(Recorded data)
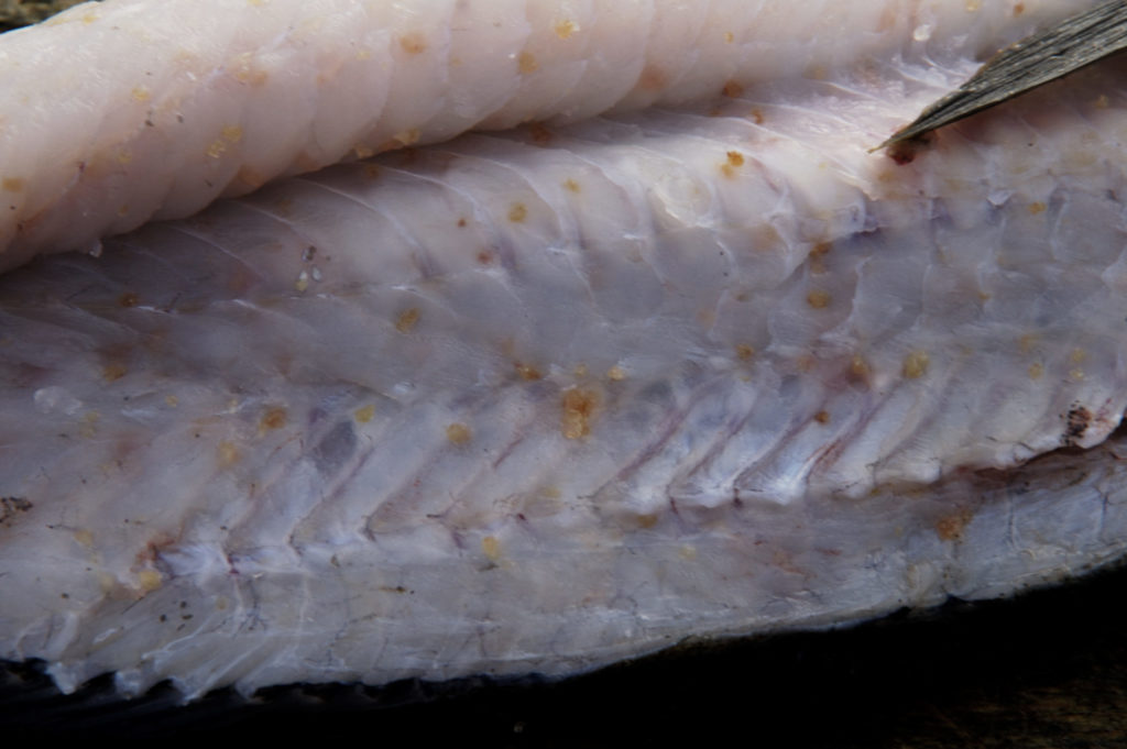 Dieser Pollack ist hochgradig mit Nematoden verseucht.
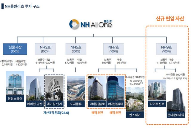 NH올원리츠가 보유한 자산은 △오피스 분당스퀘어(비전월드 주차장 포함) △오피스 에이원(A1)타워 당산(NH3호리츠(당산)) △도지물류센터(NH5호리츠) △리테일 엔스퀘어(NH7호리츠(NH리테일제1호펀드)) △오피스 에이원(A1)타워 금남로(NH7호리츠) △오피스 에이원(A1)타워 광주역(NH7호리츠) 등이다.
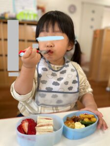お弁当箱の蓋を開けると、「うーん美味しそう☺️」「どれにしようかなぁ」と、お話も弾んでいましたよ。
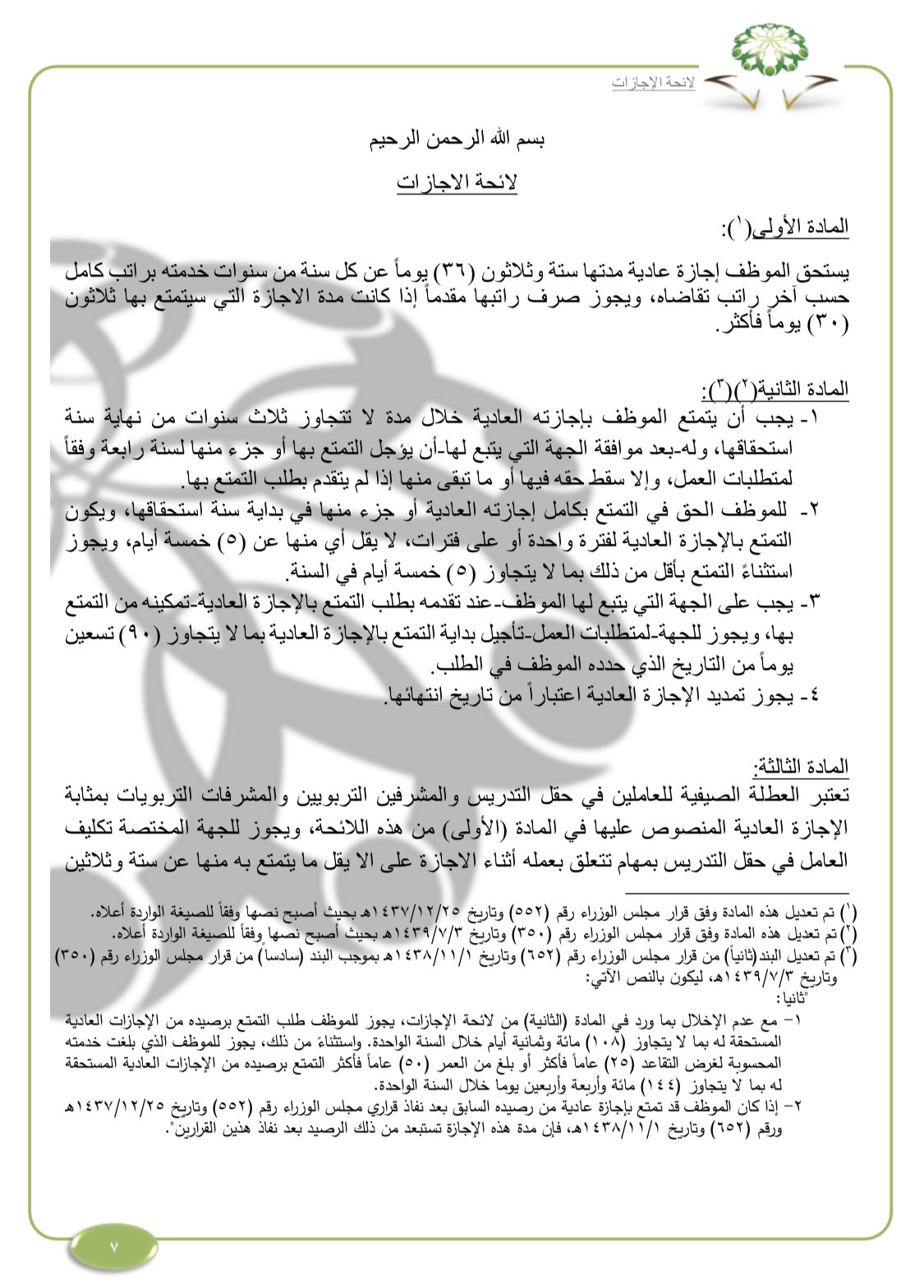 لائحة الاجازات الخدمة المدنية 1440
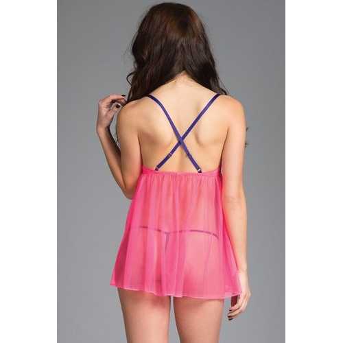 Go to the shop2-Piece Sheer Mesh Babydoll with lace cups and adjustable crisscross back straps Includes matching Thong

● Task instructions:
Write out the entries above verbatim; the pictures do not belong in your copy.

● Result of the exercise:
 Dieser Pollack ist hochgradig mit Nematoden verseucht.
 NH올원리츠가 보유한 자산은 △오피스 분당스퀘어(비전월드 주차장 포함) △오피스 에이원(A1)타워 당산(NH3호리츠(당산)) △도지물류센터(NH5호리츠) △리테일 엔스퀘어(NH7호리츠(NH리테일제1호펀드)) △오피스 에이원(A1)타워 금남로(NH7호리츠) △오피스 에이원(A1)타워 광주역(NH7호리츠) 등이다.
お弁当箱の蓋を開けると、「うーん美味しそう☺️」「どれにしようかなぁ」と、お話も弾んでいましたよ。
 لائحة الاجازات الخدمة المدنية 1440
 Go to the shop2-Piece Sheer Mesh Babydoll with lace cups and adjustable crisscross back straps Includes matching Thong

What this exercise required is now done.